*Exercise objective*.
An unchanged copy of all the lines below is expected, and it should contain no pictures.

*Data section*.
====

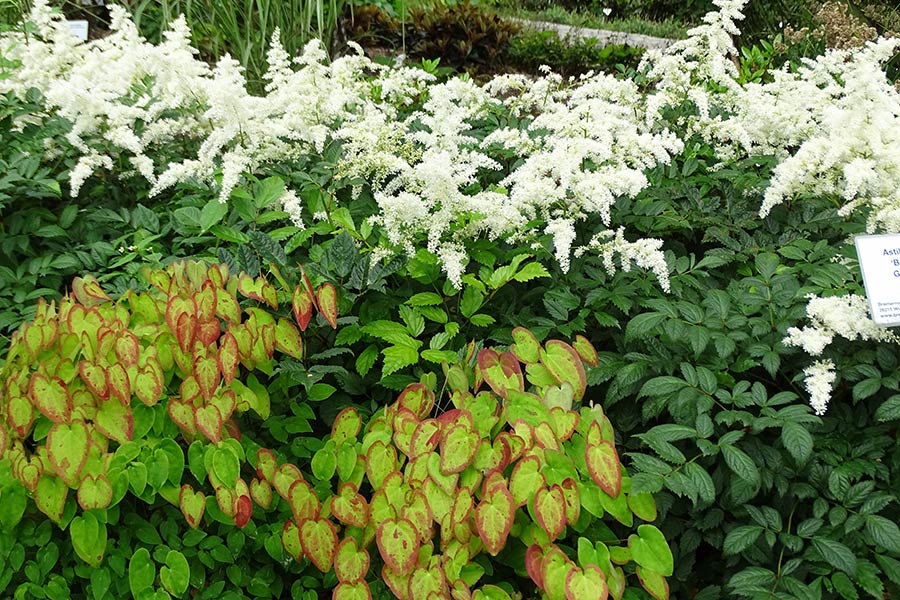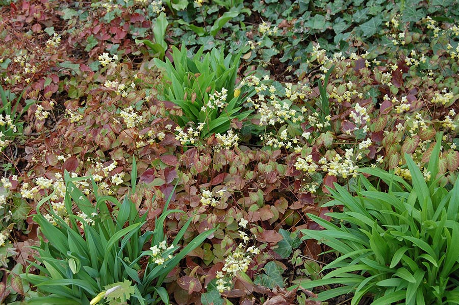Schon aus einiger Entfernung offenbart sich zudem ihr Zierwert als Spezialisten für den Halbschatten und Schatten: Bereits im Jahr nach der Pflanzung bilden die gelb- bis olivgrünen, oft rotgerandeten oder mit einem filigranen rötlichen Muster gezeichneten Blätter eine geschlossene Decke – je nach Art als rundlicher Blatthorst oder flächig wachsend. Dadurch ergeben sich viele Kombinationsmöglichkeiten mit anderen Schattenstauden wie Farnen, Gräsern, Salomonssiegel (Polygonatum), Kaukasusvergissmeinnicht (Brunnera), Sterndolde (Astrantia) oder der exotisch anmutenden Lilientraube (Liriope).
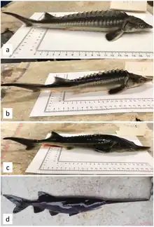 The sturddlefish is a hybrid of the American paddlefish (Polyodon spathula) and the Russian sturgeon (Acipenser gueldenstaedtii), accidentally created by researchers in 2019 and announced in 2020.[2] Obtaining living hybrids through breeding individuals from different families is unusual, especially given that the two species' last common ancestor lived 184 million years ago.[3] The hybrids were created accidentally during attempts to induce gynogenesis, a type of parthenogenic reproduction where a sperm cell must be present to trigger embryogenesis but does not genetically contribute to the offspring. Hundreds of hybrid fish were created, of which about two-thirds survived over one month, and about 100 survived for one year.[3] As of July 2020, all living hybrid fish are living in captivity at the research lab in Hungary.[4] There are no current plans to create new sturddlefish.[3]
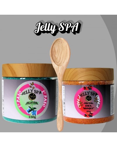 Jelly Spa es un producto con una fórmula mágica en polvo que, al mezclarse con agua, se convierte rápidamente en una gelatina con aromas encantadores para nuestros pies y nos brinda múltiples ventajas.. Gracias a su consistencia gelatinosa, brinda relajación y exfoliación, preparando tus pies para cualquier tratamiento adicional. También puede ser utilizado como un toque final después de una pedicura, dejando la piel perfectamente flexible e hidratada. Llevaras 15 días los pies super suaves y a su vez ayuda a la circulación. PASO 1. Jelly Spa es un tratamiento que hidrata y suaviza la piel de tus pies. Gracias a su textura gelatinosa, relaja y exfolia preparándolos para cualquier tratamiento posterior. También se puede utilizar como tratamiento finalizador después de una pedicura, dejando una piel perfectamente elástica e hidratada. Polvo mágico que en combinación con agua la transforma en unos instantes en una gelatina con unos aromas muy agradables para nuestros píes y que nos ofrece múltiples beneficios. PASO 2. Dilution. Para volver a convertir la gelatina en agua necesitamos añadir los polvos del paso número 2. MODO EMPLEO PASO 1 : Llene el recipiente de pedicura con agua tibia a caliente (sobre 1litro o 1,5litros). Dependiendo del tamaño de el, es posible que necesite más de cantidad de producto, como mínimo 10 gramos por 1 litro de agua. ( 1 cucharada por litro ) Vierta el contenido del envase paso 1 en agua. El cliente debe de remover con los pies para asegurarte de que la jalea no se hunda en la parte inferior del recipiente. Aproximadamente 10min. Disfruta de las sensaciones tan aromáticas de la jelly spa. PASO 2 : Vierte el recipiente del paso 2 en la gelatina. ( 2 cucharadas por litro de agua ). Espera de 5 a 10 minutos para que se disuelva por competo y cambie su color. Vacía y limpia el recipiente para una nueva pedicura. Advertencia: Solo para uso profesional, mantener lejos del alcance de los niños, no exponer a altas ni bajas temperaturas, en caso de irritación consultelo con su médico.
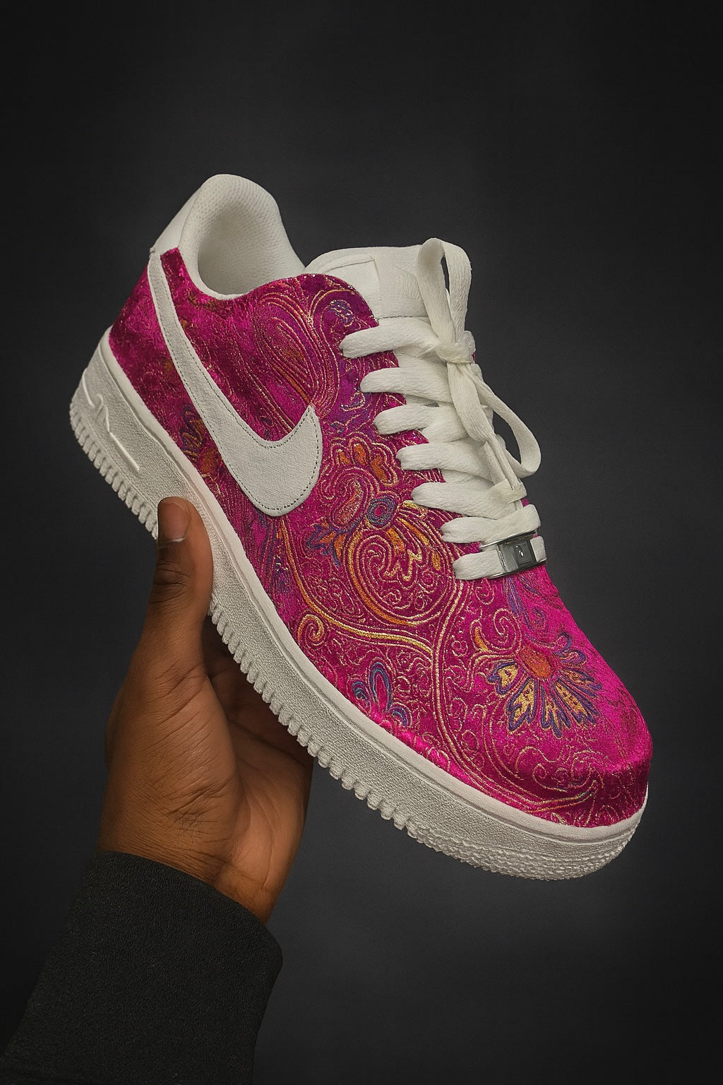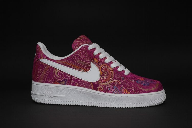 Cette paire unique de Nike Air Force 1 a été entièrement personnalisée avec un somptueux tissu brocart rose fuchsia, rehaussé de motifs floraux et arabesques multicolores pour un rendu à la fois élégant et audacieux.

====

*Written solution*.
Schon aus einiger Entfernung offenbart sich zudem ihr Zierwert als Spezialisten für den Halbschatten und Schatten: Bereits im Jahr nach der Pflanzung bilden die gelb- bis olivgrünen, oft rotgerandeten oder mit einem filigranen rötlichen Muster gezeichneten Blätter eine geschlossene Decke – je nach Art als rundlicher Blatthorst oder flächig wachsend. Dadurch ergeben sich viele Kombinationsmöglichkeiten mit anderen Schattenstauden wie Farnen, Gräsern, Salomonssiegel (Polygonatum), Kaukasusvergissmeinnicht (Brunnera), Sterndolde (Astrantia) oder der exotisch anmutenden Lilientraube (Liriope).
 The sturddlefish is a hybrid of the American paddlefish (Polyodon spathula) and the Russian sturgeon (Acipenser gueldenstaedtii), accidentally created by researchers in 2019 and announced in 2020.[2] Obtaining living hybrids through breeding individuals from different families is unusual, especially given that the two species' last common ancestor lived 184 million years ago.[3] The hybrids were created accidentally during attempts to induce gynogenesis, a type of parthenogenic reproduction where a sperm cell must be present to trigger embryogenesis but does not genetically contribute to the offspring. Hundreds of hybrid fish were created, of which about two-thirds survived over one month, and about 100 survived for one year.[3] As of July 2020, all living hybrid fish are living in captivity at the research lab in Hungary.[4] There are no current plans to create new sturddlefish.[3]
 Jelly Spa es un producto con una fórmula mágica en polvo que, al mezclarse con agua, se convierte rápidamente en una gelatina con aromas encantadores para nuestros pies y nos brinda múltiples ventajas.. Gracias a su consistencia gelatinosa, brinda relajación y exfoliación, preparando tus pies para cualquier tratamiento adicional. También puede ser utilizado como un toque final después de una pedicura, dejando la piel perfectamente flexible e hidratada. Llevaras 15 días los pies super suaves y a su vez ayuda a la circulación. PASO 1. Jelly Spa es un tratamiento que hidrata y suaviza la piel de tus pies. Gracias a su textura gelatinosa, relaja y exfolia preparándolos para cualquier tratamiento posterior. También se puede utilizar como tratamiento finalizador después de una pedicura, dejando una piel perfectamente elástica e hidratada. Polvo mágico que en combinación con agua la transforma en unos instantes en una gelatina con unos aromas muy agradables para nuestros píes y que nos ofrece múltiples beneficios. PASO 2. Dilution. Para volver a convertir la gelatina en agua necesitamos añadir los polvos del paso número 2. MODO EMPLEO PASO 1 : Llene el recipiente de pedicura con agua tibia a caliente (sobre 1litro o 1,5litros). Dependiendo del tamaño de el, es posible que necesite más de cantidad de producto, como mínimo 10 gramos por 1 litro de agua. ( 1 cucharada por litro ) Vierta el contenido del envase paso 1 en agua. El cliente debe de remover con los pies para asegurarte de que la jalea no se hunda en la parte inferior del recipiente. Aproximadamente 10min. Disfruta de las sensaciones tan aromáticas de la jelly spa. PASO 2 : Vierte el recipiente del paso 2 en la gelatina. ( 2 cucharadas por litro de agua ). Espera de 5 a 10 minutos para que se disuelva por competo y cambie su color. Vacía y limpia el recipiente para una nueva pedicura. Advertencia: Solo para uso profesional, mantener lejos del alcance de los niños, no exponer a altas ni bajas temperaturas, en caso de irritación consultelo con su médico.
 Cette paire unique de Nike Air Force 1 a été entièrement personnalisée avec un somptueux tissu brocart rose fuchsia, rehaussé de motifs floraux et arabesques multicolores pour un rendu à la fois élégant et audacieux.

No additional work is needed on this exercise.